Can you paste the entire stack trace error for the second issue?

2020ashish · November 12, 2024, 11:26am

Apologize, for late reply
It was from OOMKill issue.
I have few question.
In our case we have ingest all of data which is semi structured.
While ingesting there are so many read/ write operation to update previous data.

While ingestion, First I check if data exist or not then update certain field. Ingestion time is less compare to updation time. What should be best approach ?

DudaNogueira · November 12, 2024, 12:40pm

Hi!

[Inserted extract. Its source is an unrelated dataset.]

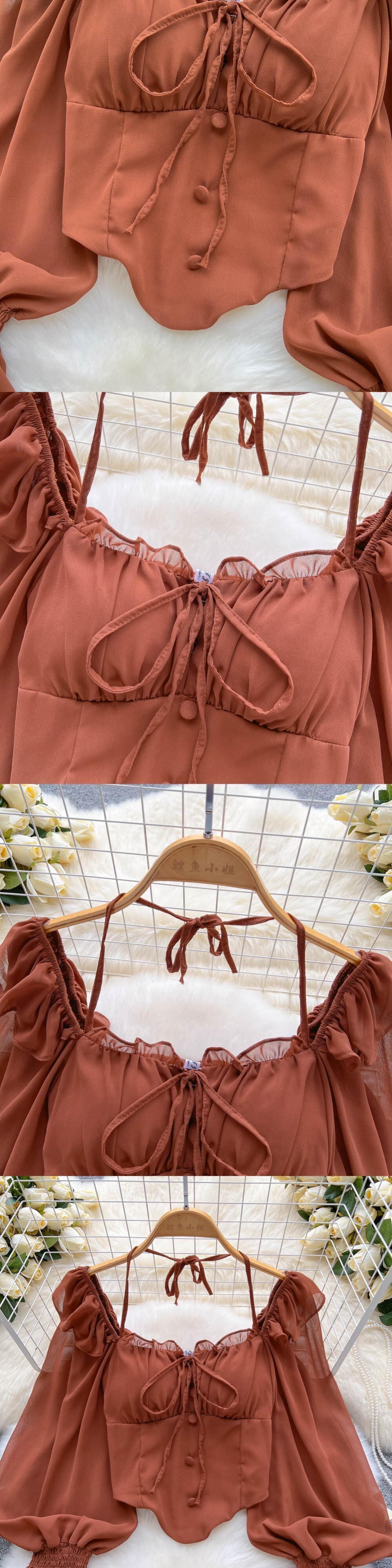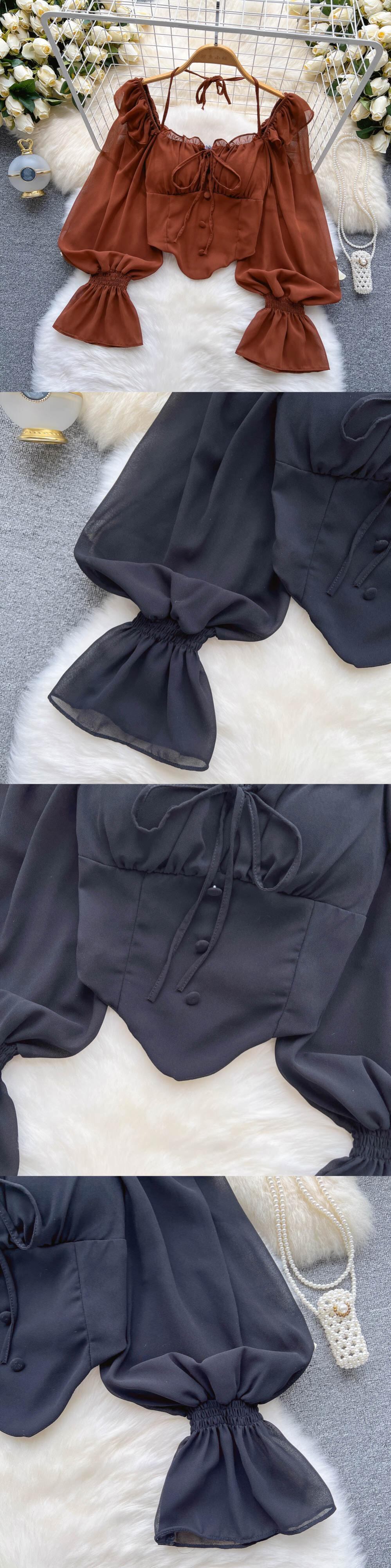 フレンチガール パフスリーブ トップス ファッション スクエアカラー デザイン 外国風 ショート スリム シフォン シャツ 女性 小さい スクウェア lyxaj30865908047

The best approach is doing a batch with deterministic IDs.

If you want to define a fixed ID for each object, that’s the way to go:

Remember to use batch instead of insert or insert_many

Let me know if this helps!

Thanks!

2020ashish · November 12, 2024, 1:13pm

We are using batch.
While ingestion we need to check if record exist or not than inserting.
Sample code provide, how we are ingesting data in some case.
while updation time is huge for below approach.
Please suggest any optimized way ?

class_name = "Book"
if client.collections.exists(class_name):
    client.collections.delete(class_name)
client.collections.create(
    name=class_name,
    vectorizer_config=wcc.Configure.Vectorizer.text2vec_transformers(),
    multi_tenancy_config=wcc.Configure.multi_tenancy(enabled=True),
    inverted_index_config=wcc.Configure.inverted_index(
        index_timestamps = True
    ),
    properties=[
        wcc.Property(
            name="Book_name",
            data_type=wcc.DataType.TEXT,
            tokenization=wcc.Tokenization.FIELD,
        ),
        wcc.Property(
            name="Author",
            data_type=wcc.DataType.TEXT,
            tokenization=wcc.Tokenization.WORD,
            skip_vectorization=True,
        ),
        wcc.Property(
            name="Book_Summary",
            data_type=wcc.DataType.TEXT,
            tokenization=wcc.Tokenization.FIELD,
            
        ),
        wcc.Property(
            name="Update_date",
            data_type=wcc.DataType.TEXT,
            tokenization=wcc.Tokenization.FIELD,
            skip_vectorization=True,
        ),
    ],
)


def check_book_exist(client, class_name, value, tenant):
    filter = wvc.query.Filter.by_property("Book_name").equal(value)
    class_obj = client.collections.get(class_name).with_tenant(tenant)
    response = class_obj.query.fetch_objects(filters=filter, limit=1)
    uuid = None
    for o in response.objects:
        uuid = o.uuid
    return uuid

def update_records(uuid, collection, data, tenant, client):
    class_obj = client.collections.get(collection).with_tenant(tenant)
    class_obj.data.update(
        uuid=uuid,
        properties=data,
    )

def parser(data,tenant):
    with client.batch.fixed_size(batch_size=100) as batch:
        book_uuid = check_book_exist(
            client = client,
        class_name= "Book",
            value = data.get("Book_name"),
            tenant = tenant,
        )
        if book_uuid is None:
            book_data = { "Book_name": data.get("Book_name"),
                        "Author": data.get("Author"),
                        "Book_Summary": data.get("Book_Summary"),
                        "Update_date": data.get("Update_date"),
                }
            batch.add_object(
                properties=book_data,
                collection="Book",
                tenant=tenant,
            )
            print("Added the record for book name", data.get("Book_name"))
        else:
            update_records(
                tenant=tenant,
                client=client,
                uuid=book_uuid,
                collection="Book",
                data={"Update_date": data.get("Update_date")},
            )
            print("Update the record for book name", data.get("Book_name"))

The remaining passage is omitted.